## TASK GOAL
Every line between the one containing "3番136yショートは、9ア" and the last line of the data, both included, is to be set down exactly, and pictures are to be omitted.

===== DATA BLOCK =====

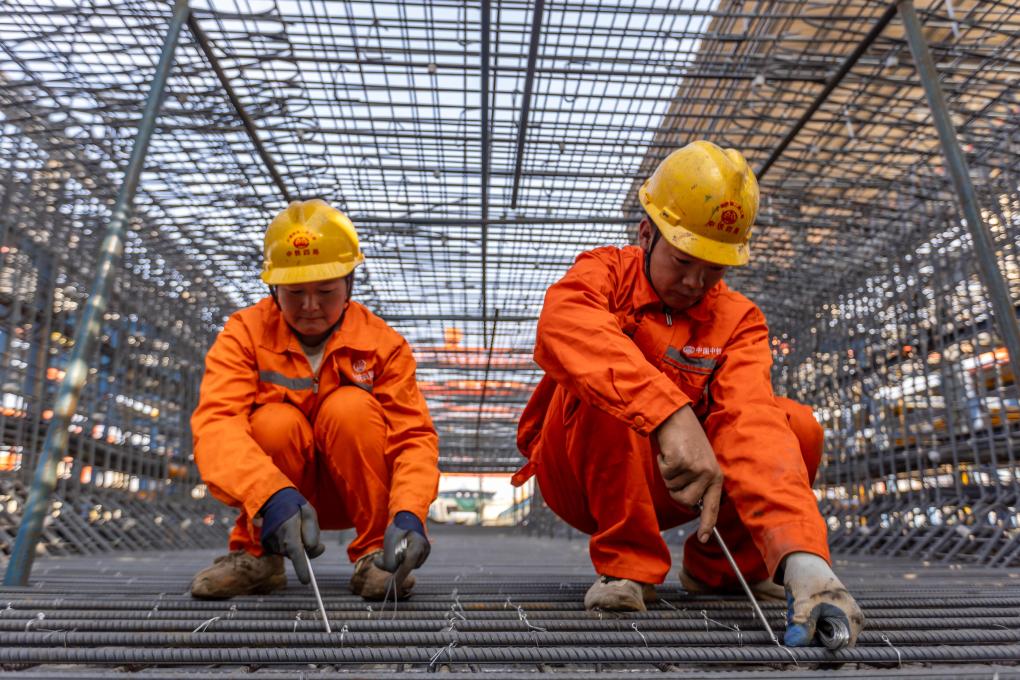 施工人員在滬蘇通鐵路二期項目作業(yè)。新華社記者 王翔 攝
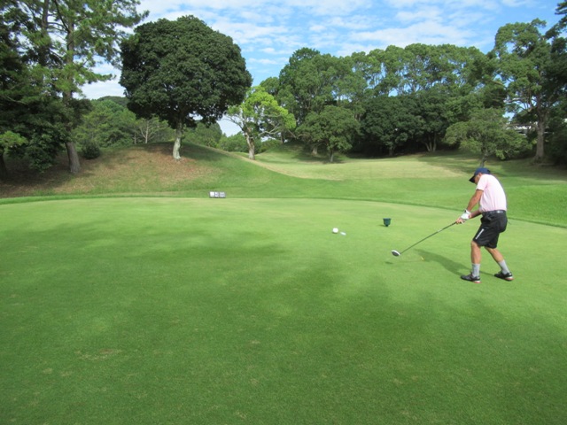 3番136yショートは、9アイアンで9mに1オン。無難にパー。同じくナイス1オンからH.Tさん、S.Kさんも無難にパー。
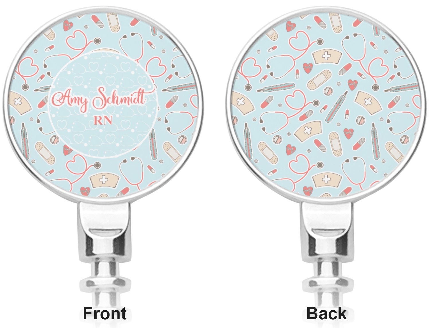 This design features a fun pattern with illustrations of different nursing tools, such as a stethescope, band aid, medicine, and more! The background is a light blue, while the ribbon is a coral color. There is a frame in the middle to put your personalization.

=====

## RESULT FOR THIS TASK
 3番136yショートは、9アイアンで9mに1オン。無難にパー。同じくナイス1オンからH.Tさん、S.Kさんも無難にパー。
 This design features a fun pattern with illustrations of different nursing tools, such as a stethescope, band aid, medicine, and more! The background is a light blue, while the ribbon is a coral color. There is a frame in the middle to put your personalization.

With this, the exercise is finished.